Breakfast-time, with George Vine quietly partaking of his toast and giving furtive glances at a Beloe in a small squat bottle. He was feeding his mind at the same time that he supplied the wants of his body. Now it was a bite of toast, leaving in the embrowned bread such a mark as was seen by the dervish when the man asked after the lost camel; for the student of molluscous sea-life had lost a front tooth. Now it was a glance at the little gooseberry-shaped creature, clear as crystal, glistening in the clear water with iridescent hues, and trailing behind it a couple of filaments of an extreme delicacy and beauty that warranted the student’s admiration.

Louise was seated opposite, performing matutinal experiments, so it seemed, with pots, cups, an urn, and various infusions and crystals.

Pradelle was reading the paper, and Harry was dividing his time between eating some fried ham and glancing at the clock, which was pointing in the direction of the hour when he should be at Van Heldre’s.

“More tea, Louie; too sweet,” said the head of the house, passing his cup, via Pradelle.

The cup was filled up and passed back, Louise failing to notice that Pradelle manoeuvred to touch her hand as he played his part in the transfer. Then the door opened, and Liza, the brown-faced, black-haired Cornish maid, entered, bearing a tray with an untouched cup of tea, a brown piece of ham on its plate, and a little covered dish of hot toast.

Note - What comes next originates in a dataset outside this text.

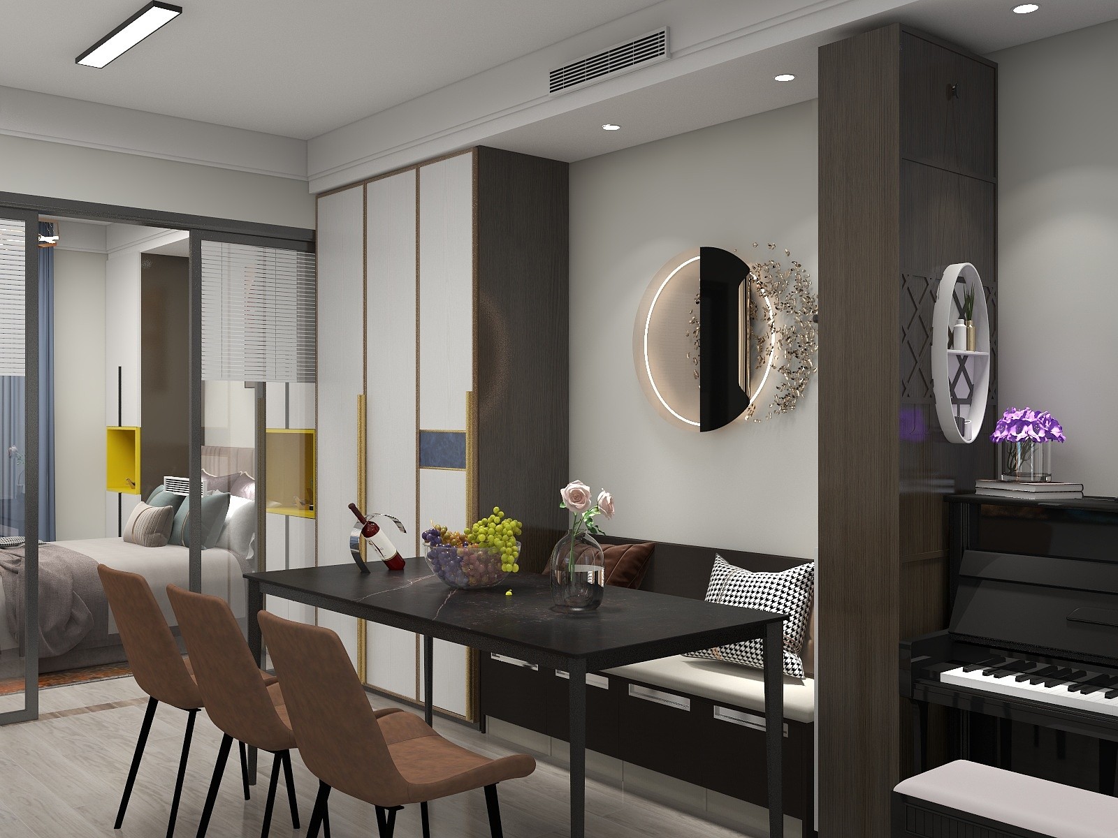 开间改两居室,自然采光较弱,电视墙较小,客厅放置钢琴,配置中央空调新风。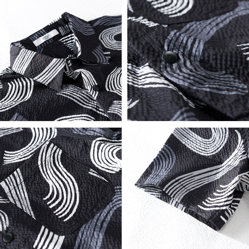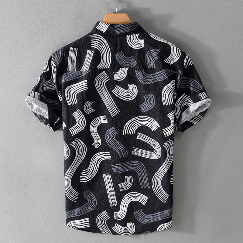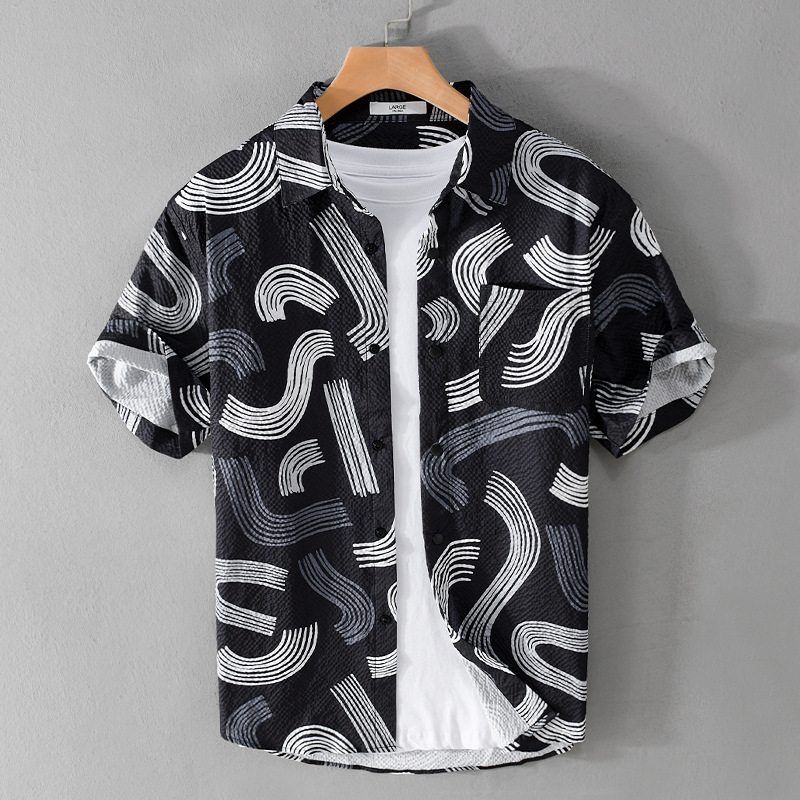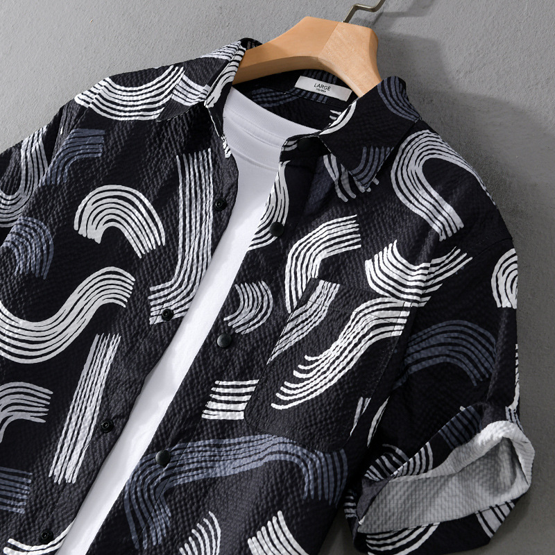 Summer Men's Color Matching Printed Short-sleeved Shirt Bubble Texture Comfortable All-match Geometric Pattern Men's Tops946

“Please, ’m, Miss Vine says she don’t want no breakfast this morning.”

The Beloe bottle dropped back into George Vine’s pocket.

“Eh! My sister ill?” he said anxiously.

“No, sir; she seems quite well, but she was gashly cross with me, and said why didn’t Miss Louie bring it up.”

“Liza, I forbad you to use that foolish word, ‘gashly,’” said Louise, pouring out a fresh cup of tea, and changing it for the one cooling on the tray.